The interesting change is that she has reverted to some of her kitten habits, and I think she's about 7 years old now.  She sleeps on my pillow as she did her first month with us, stretching her paws onto my shoulder and putting her face next to my cheek.  Or she comes under the covers, something she also hasn't done in years.  She continues to hide a lot, but when she comes out of whatever secret place she has, she wants LOVE and lots of it.  In fact, she's been in my lap while I've been writing this, often stretching up to touch my face.

She and Twig and pretty good friends, yet Twig, always an undemanding cat (unless food is involved) has been reacting to her times in her secret hiding places by in effect saying "Me. Want.  Attention."  So Sheba's body is prompting her to behave strangely and affecting the subtle feline power politics in the household.  Meanwhile, I'm covered in cat fur.

The segue from Ondaatje's remarkable novel to my sick cat was not entirely a swift passage from the sublime to the ridiculous.  Rather, watching Sheba has made me attentive to how often change happens for seemingly arbitrary reasons like an infection.  I've been watching this process as a writer, I guess, thinking about the subtle ways in which we change the behaviour of the people around us.  It's a truism of the counselling trade that while, to paraphrase Heidegger, mood is our primary interface with the world, our partner's moods are a similarly powerful filter.  That mood or change might have nothing to do with intentions and everything to do with something arbitrary like an infection or six cloudy days in a row.

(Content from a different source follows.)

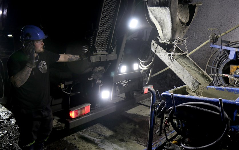 Sprutbilschauffören Emil Flygare kör åt Kauppis entreprenad. Han levererar betongblandningen och håller kontakt med Joel via radio under arbetet.– Vi har ett bra samspel mellan oss entreprenörer, LKAB Berg & Betong och LKAB. Jag har jobbat tio år med det här och är ju runt överallt, det är min vardag, jag tänker kanske inte så mycket på det där med framtiden. Fast nu när jag tänker efter… Jag har ju varit med och gjutit det nya stadshuset också!

At the same time I've been considering how difficult it can be to effect change in ourselves or others.  Change is always happening; we consider it one of life's constants.  Yet changing your diet or your smoking habits can be extremely difficult.  Some people embrace change; others are terrified by it.  Both groups would probably be challenged to explain their attitudes convincingly. 

I'm often told that one effective way of constructing a narrative is to consider the power balance between characters to be in continual flux as they jockey for control and establish their dominance.  I'm sorry, but that model of the universe is entirely foreign to me and I think it creates characters who are one-dimensional power-hungry little shits.  But change
--how to create it or avoid it or bring it to one's own life or bring some of its sweetness into the world--that I think I could get behind.